The difference in height of the two columns, combined with the density of mercury, gives us a measure of the pressure. But we won’t be looking into that calculation in this video. What’s important to realize is that the greater the vapor pressure, the lower the level on the left-hand side and the greater the level on the right-hand side. Now, it’s time to do some practice questions.

The image below shows three manometers, each containing a sample of ethanoic acid. For which manometer is the temperature of the ethanoic acid the highest?

We can use manometers to measure the vapor pressure of pure substances. In all the manometers, we have exactly the same amount of ethanoic acid. Above the liquid and in the tubing, we’re going to have gaseous ethanoic acid. The other part of the manometer is the U-shaped tube that contains a dense liquid. Here I’m assuming that it’s mercury. If we heat the ethanoic acid in the flask, we’re going to increase the amount of ethanoic vapor in the tubing. This is going to increase the pressure on this side of the manometer. This vapor pressure is going to compete with the external pressure applied to the other side of the U-shaped tube. We can assume it’s one atmosphere. The most important thing is that it’s consistent between A, B, and C.

The question is asking, for which manometer is the temperature of the ethanoic acid the highest? We can label the temperatures 𝑇 A, 𝑇 B, and 𝑇 C. The lower the level of the mercury on the side of the flask, the higher the vapor pressure in the flask. We can put the manometers in order of the height of the mercury on the side of the flask.
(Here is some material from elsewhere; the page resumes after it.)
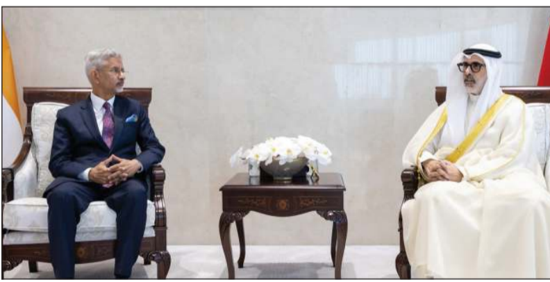
وزير الخارجية الشيخ جراح الجابر مستقبلاً وزير خارجية الهند. د.سوبراهمانيام جايشانكار

شمولا، كما بحث الجانبان الإقليمي والدولية. وأقام غداء على شرف د.جايشانكار آخر التطورات على الساحتين الإقليمية والدولية. والوفد المرافق له.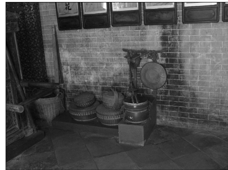
घरातील जुन्या वस्तू

या पर्यटन स्थळात जागोजागी आपल्याला प्रदर्शन पाहायला मिळते. आता काही लोकांनी लहानलहान दुकाने देखील तेथे थाटलेली आहेत. येणारे पर्यटक तेथे खरेदी करताना आढळतात. या वस्तूंमध्ये कारखान्यात तयार होणाऱ्या वस्तूपेक्षा गावातील कलाकारांनी तयार केलेल्या वस्तूंचाच भरणा अधिक असतो. जुनी घरे, जुन्या किंवा ग्रामीण वस्तू असाच या परिसराचा साज आहे.

The height is greatest for A and lowest for C. This means the pressure inside C must be the highest of the three, and the temperature of the ethanoic acid in C is greater than the ethanoic acid in B or the ethanoic acid in A. Therefore, the manometer in which the temperature of the ethanoic acid is the highest is C.

Let’s finish off with the key points. The vapor pressure of a substance is the pressure of the gas that is achieved when we establish dynamic equilibrium with the liquid substance in a closed system in the absence of other substances at a given temperature. The boiling point of a substance is the temperature at which its vapor pressure is equal to the external pressure. More volatile substances, which are substances with higher vapor pressures at a given temperature, will have lower boiling points. And adding solutes to solvents like water lowers the vapor pressure, raises the boiling point, and lowers the melting point.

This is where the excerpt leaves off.